The obvious drawback of leaving them outside the database is that the database can't really control what happens to them; they could be moved, renamed, deleted.....
SQL Server 2008 introduces the FILESTERAM attribute on VARBINARY(MAX) types, which allows you to leave the files outside the database table, but still under transactional control of the database - e.g. you cannot just delete the files from the disk, the files are integral part of the database and thus get copied and backed up with it. Great if you need it, but it could make for some huge backups! :-)
The SQL Server 2008 launch presented some "best practices" as to when to store stuff in the database directly, and when to use FILESTREAM. These are:
if the files are typically less than 256 KB in size, the database table is the best option
if the files are typically over 1 MB in size, or could be more than 2 GB in size, then FILESTREAM (or in your case: plain old filesystem) is your best choice
no recommendation for files between those two margins
Also, in order not to negatively impact performance of your queries, it's often a good idea to put the large files into a separate table alltogether - don't have the huge blobs be part of your regular tables which you query - but rather create a separate table, which you only ever query against, if you really need the megabytes of documents or images.
So that might give you an idea of where to start out from!
I strongly suggest you to consider the filesystem solution. The reasons are:
you have better access to the files (precious in case of debugging), meaning that you can use regular console-based tools
you can quickly and easily take advantage of the OS to distribute the load, for example using a distributed filesystem, add redundancy via a hardware RAID etc.
you can take advantage of the OS access control lists to enforce permissions.

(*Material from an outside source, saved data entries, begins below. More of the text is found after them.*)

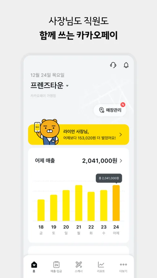 - 카카오페이, 카드, 현금, 배달앱까지! 어제 매출, 오늘 입금예정, 미입금액을 매일 앱으로 볼 수 있어요.
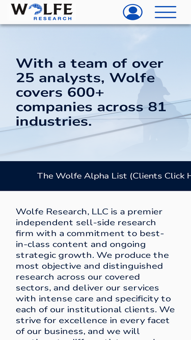 98%Wolfe Research, LLC is a premier independent sell-side research firm with a commitment to best-in-class content and ongoing strategic growth.
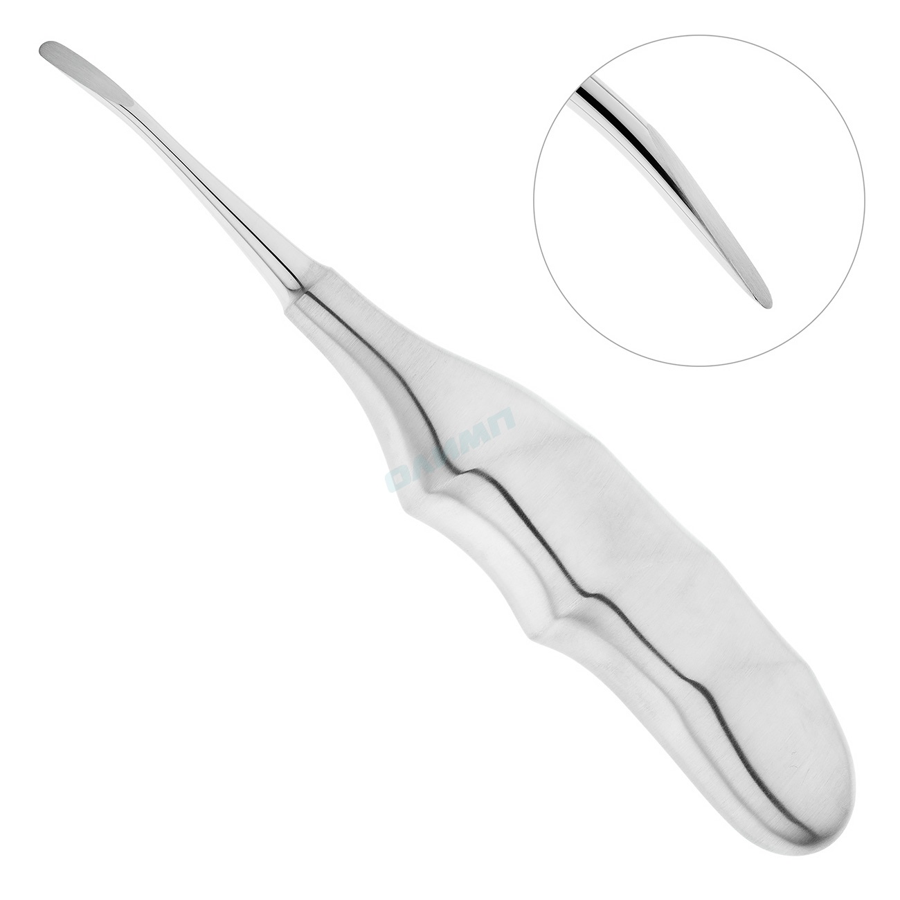 Ручка инструмента легкая, гладкая и имеет эргономически удобные анатомические изгибы под пальцы руки. Проводить операцию по удалению корней или зубов люксатором с такой ручкой очень удобно.
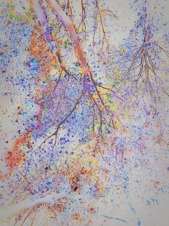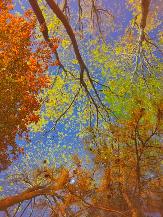 《长空孤影》组像长诗(kimi与我共创): 枯枝折腕,将往事写成断章 秋阳是醉卧朋友圈的潦倒客 误将红叶认作风月的眉眼 那些日夜在枝头低语的生灵 被时光剪辑成流离的青鸟 衔着星辰的残骸 在深蓝的天幕上拼成 “刹那即永恒”的残句 苔藓在断枝处长出 青灰色的鳞片 似在为陨落的星子 缝补梦境的破洞 而大地以沉默的震颤 回应着每一片落叶的叹息 ——这些自然的梵音 被风编纂成无字的经卷 漂泊在虚无的渡口 组画标题:《长空孤影》 (注:此组像以枯枝为笔,以秋光为墨,绘出生命在时间荒原上的漂泊图卷。每一帧皆是自然与创造者灵魂共振的回声,既有灼目色彩的狂欢,亦藏光晕晕染的沉吟,恰似生命在刹那芳华里追问永恒的辽远之诗。) 个人有感: ... 栖息慵懒画卷 长衫化作 万千孔象林立 ...
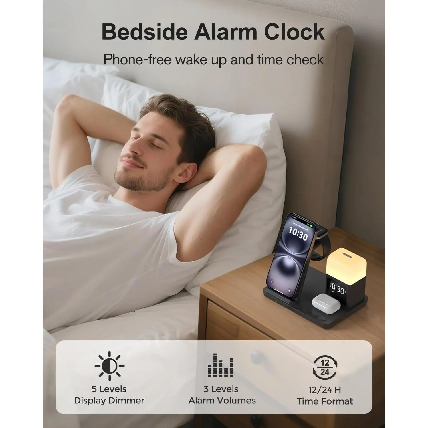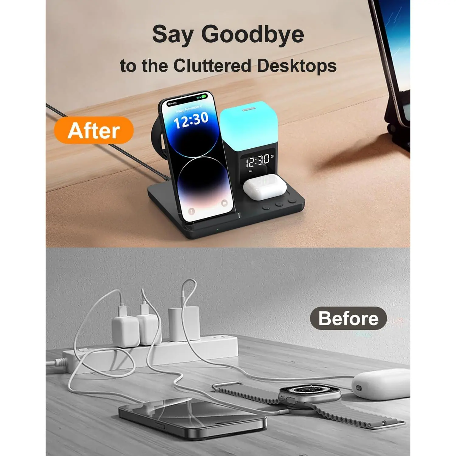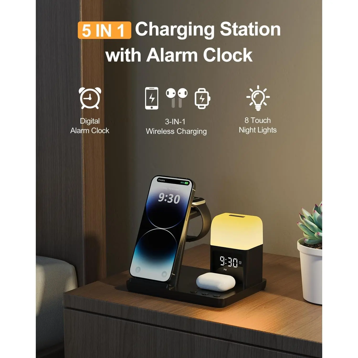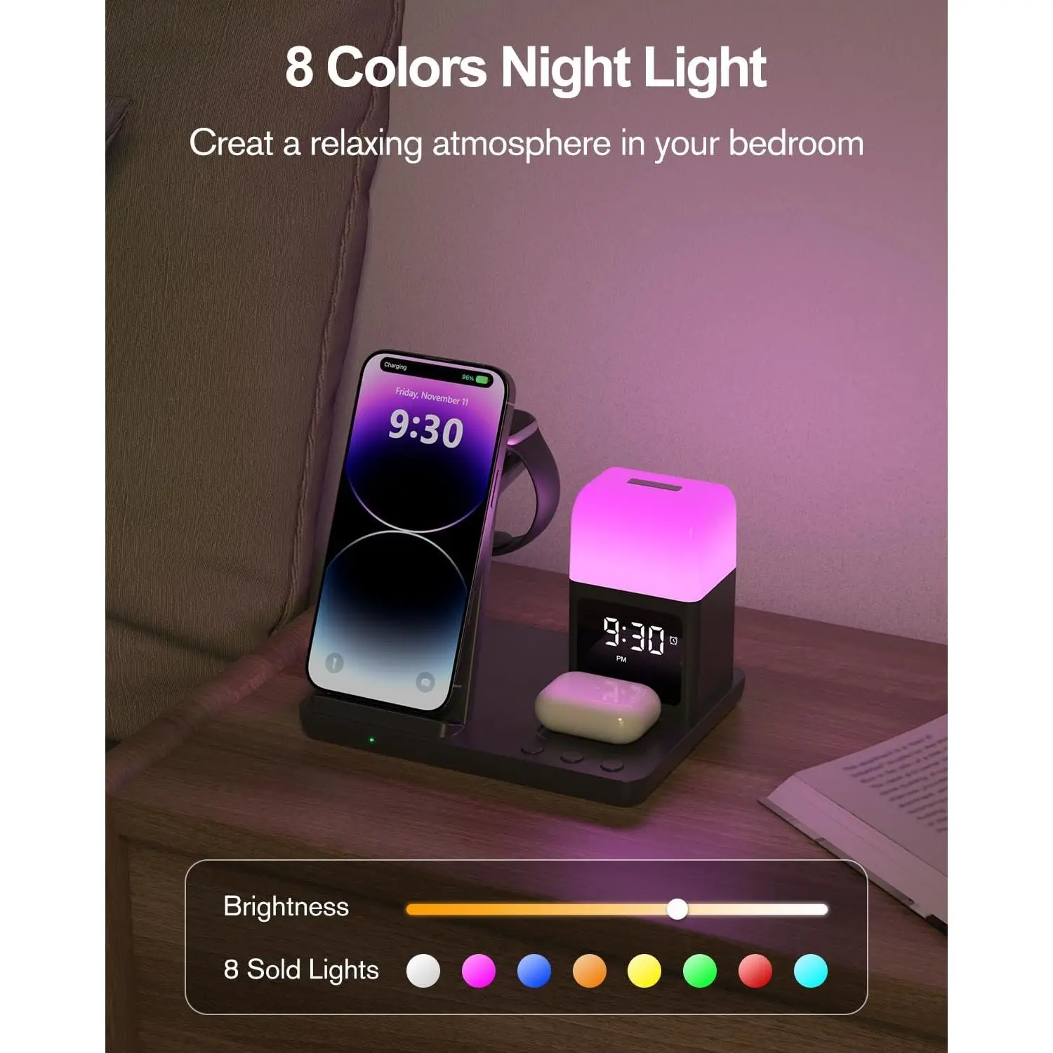 💙[5𝐢𝐧 𝟏 𝐖𝐢𝐫𝐞𝐥𝐞𝐬𝐬 𝐂𝐡𝐚𝐫𝐠𝐢𝐧𝐠 𝐒𝐭𝐚𝐭𝐢𝐨𝐧 𝐰𝐢𝐭𝐡 𝐀𝐥𝐚𝐫𝐦 𝐂𝐥𝐨𝐜𝐤 & 𝐍𝐢𝐠𝐡𝐭 𝐋𝐢𝐠𝐡𝐭]super cool wireless charging docking station, combines 3 in 1 wireless charging function for iphone/Apple watch/Airpods+alarm clock+8 different colors night light in one, Say goodbye to messy cables, make your nightstand more organized and create a relaxing sleeping environment with nightlight
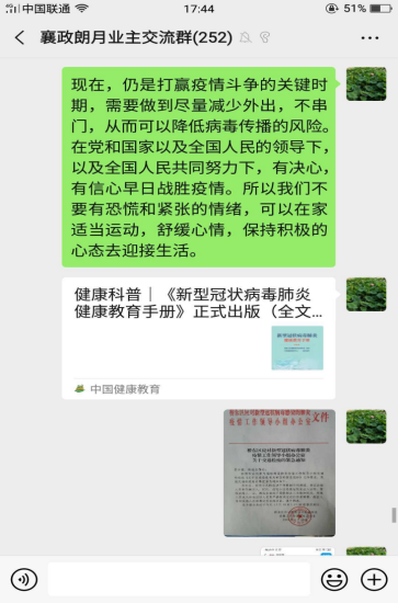 当前,全面防控新型冠状病毒感染的肺炎疫情仍处于关键时期,抗击疫情,打赢防疫斗争需要我们共同努力。作为武汉在读研究生,我时刻关注疫情最新情况。由于属于武汉返乡人员,我自觉响应国家号召主动在家隔离。同时作为一名党员,我通过网络了解到千万党员同志为抗击疫情奋斗在一线,虽然不能跟随其他党员同志冲在一线,但我仍通过线上,在社区中普及防和宣传防疫知识,引导群众的情绪,团结群众,坚定打赢疫情的信心和决心。

you don't clog your database
If you are worried about large amounts of entries in your directories, you can always create a branching schema. for example:
filename : hello.txt
filename md5: 2e54144ba487ae25d03a3caba233da71
final filesystem position: /path/2e/54/hello.txt
There's a LOT of "it depends" behind this popular subject. Since you say the documents are sensitive and confidential, off the cuff I'd go with storing in the database. Here are a few reasons:
Potentially better security. It is often easier to hack a file system than a database.

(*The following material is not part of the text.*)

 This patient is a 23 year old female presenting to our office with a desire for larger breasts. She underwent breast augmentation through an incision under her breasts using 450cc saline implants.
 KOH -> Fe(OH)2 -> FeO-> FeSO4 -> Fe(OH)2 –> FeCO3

Better volume control. Thousands of files in one folder can strain an OS, where a database can take millions of rows in one table without blinking.
Better searching and scanning. Add categorizing columns when you load the data, or try out full text indexing to scan the actual documents.
Backups may be more efficient -- just add another database to your backup plan, and you're covered (once you work out space details, of course). And those backup files are another layer of obfuscation on anyone trying to get at your sensitive documents.
SQL Server 2008 has data compression options that may help here. That, or have the application do it? (More security through obfuscation, perhaps)
SQL Server 2008 also has the filestream data type, which may help here, but I'm not familiar enough with it to give a recommendation for your situation.